Țițeica married Florence Thierin (1882–1965) and the couple had three children — Radu (1905–1987), Gabriela (1907–1987), and Șerban (1908–1985) — all of whom pursued careers in academia; the youngest one became a renowned quantum physicist. The family lived in a 19th-century house on Dionisie Lupu Street, close to Lahovari Plaza, in Sector 1 of Bucharest; Țițeica moved there around 1913, when he was elected to the academy.

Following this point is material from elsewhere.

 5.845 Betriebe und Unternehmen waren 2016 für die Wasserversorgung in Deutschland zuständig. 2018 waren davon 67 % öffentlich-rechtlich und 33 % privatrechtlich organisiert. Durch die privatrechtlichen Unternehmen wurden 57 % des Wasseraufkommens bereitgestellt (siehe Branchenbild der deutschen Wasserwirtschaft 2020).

A commemorative plaque was affixed to the house by the city administration in 1998. He died in 1939 in Bucharest and was buried in the city's Bellu Cemetery.

A high school in Drobeta-Turnu Severin and a gymnasium in Craiova bear his name, and so does a street in Sector 2 of Bucharest. The Romanian Academy offers an annual "Gheorghe Țițeica Prize" for achievements in mathematics. The logo of the 40th International Mathematical Olympiad, held in Bucharest in 1999, was inspired by Țițeica's 5 lei coin problem.

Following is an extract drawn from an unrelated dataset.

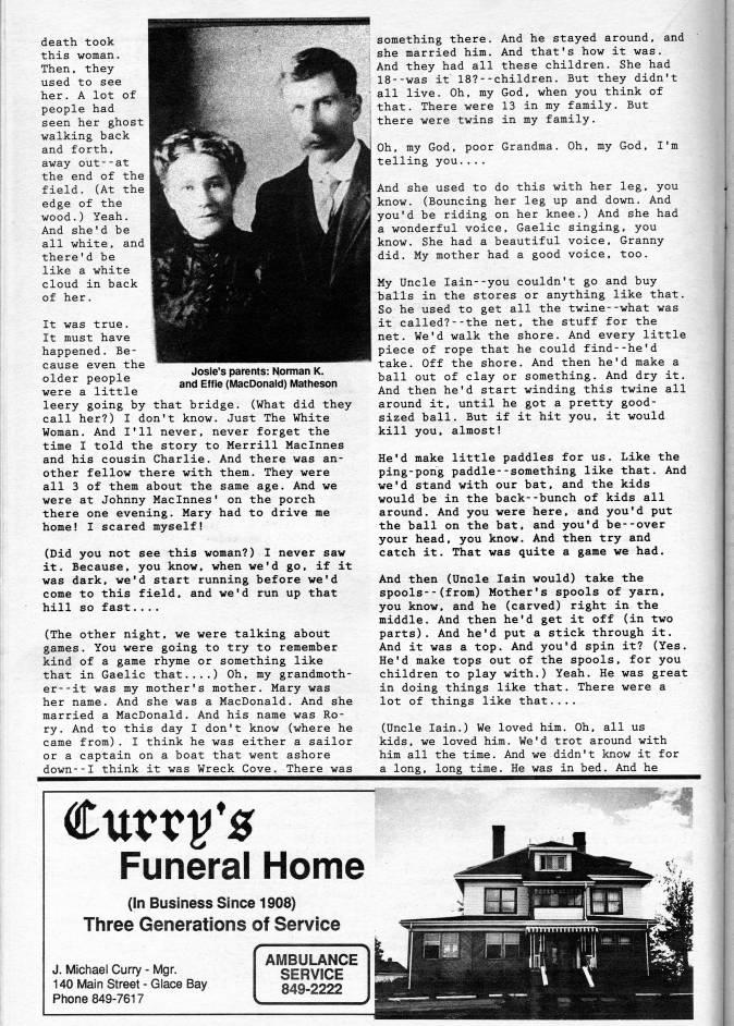 Josie's parents: Norman K. and Effie (MacDonald) Matheson death took this woman. Then, they used to see her. A lot of people had seen her ghost walking back and forth, away out - - at the end of the field. (At the edge of the wood.) Yeah. And she'd be all white, and there'd be like a white cloud in back of her. It was true. It must have happened. Be? cause even the older people were a little leery going by that bridge. (What did they call her?) I don't know. Just The White Woman. And I'll never, never forget the time I told the story to Merrill Maclnnes and his cousin Charlie. And there was an? other fellow there with them. They were all 3 of them about the same age. And we were at Johnny Maclnnes' on the porch there one evening. Mary had to drive me home! I scared myself! (Did you not see this woman?) I never saw it. Because, you know, when we'd go, if it was dark, we'd start running before we'd come to this field, and we'd run up that hill so fast.... (The other night, we were talking about games. You were going to try to remember kind of a game rhyme or something like that in Gaelic that....) Oh, my grandmoth? er- -it was my mother's mother. Mary was her name. And she was a MacDonald. And she married a MacDonald. And his name was Ro? ry. And to this day I don't know (where he came from). I think he was either a sailor or a captain on a boat that went ashore down--I think it was Wreck Cove. There was something there. And he stayed around, and she married him. And that's how it was. And they had all these children. She had 18--was it 18?--children. But they didn't all live. Oh, my God, when you think of that. There were 13 in my family. But there were twins in my family. Oh, my God, poor Grandma. Oh, my God, I'm telling you.... And she used to do this with her leg, you know. (Bouncing her leg up and down. And you'd be riding on her knee.) And she had a wonderful voice, Gaelic singing, you know. She had a beautiful voice. Granny did. My mother had a good voice, too. My Uncle Iain--you balls in the stores So he used to get a it called?--the net net. We'd walk the piece of rope that take. Off the shore ball out of clay or And then he'd start around it, until he sized ball. But if kill you, almost! couldn't go and buy or anything like that. 11 the twine--what was the stuff for the shore. And every little he could find--he'd And then he'd make a something. And dry it. winding this twine all got a pretty good- it hit you, it would He'd make little paddles for us. Like the ping-pong paddle--something like that. And we'd stand with our bat. and the kids would be in the back--bunch of kids all around. And you were here, and you'd put the ball on the bat, and you'd be--over your head, you know. And then try and catch it. That was quite a game we had. And then (Uncle Iain would) take the spools--(from) Mother's spools of yarn, you know, and he (carved) right in the middle. And then he'd get it off (in two parts). And he'd put a stick through it. And it was a top. And you'd spin it? (Yes. He'd make tops out of the spools, for you children to play with.) Yeah. He was great in doing things like that. There were a lot of things like that.... (Uncle Iain.) We loved him. Oh, all us kids, we loved him. We'd trot around with him all the time. And we didn't know it for a long, long time. He was in bed. And he Funeral Home (In Business Since 1908) Three Generations of Service J. Michael Curry - Mgr. 140 Main Street - Giace Bay Phone 849-7617 AIMBULANCE SERVICE 849-2222

In 1961, Poșta Română issued a 1.55 lei stamp in his honor (Scott #1415); he also figures on a 2 lei stamp from 1945 commemorating the founding of Gazeta Matematică in 1895 (Scott #596).

==Publications==
- Tzitzéica, Georges (1899). "Sur les congruences cycliques et sur les systèmes triplement conjugués"
- Tzitzéica, G. (1907). "Sur une nouvelle classes de surfaces"
- Tzitzéica, G. (1908). "Sur une nouvelle classes de surfaces"
- Tzitzéica, G. (1909). "Sur une nouvelle classes de surfaces (Deuxième Partie)"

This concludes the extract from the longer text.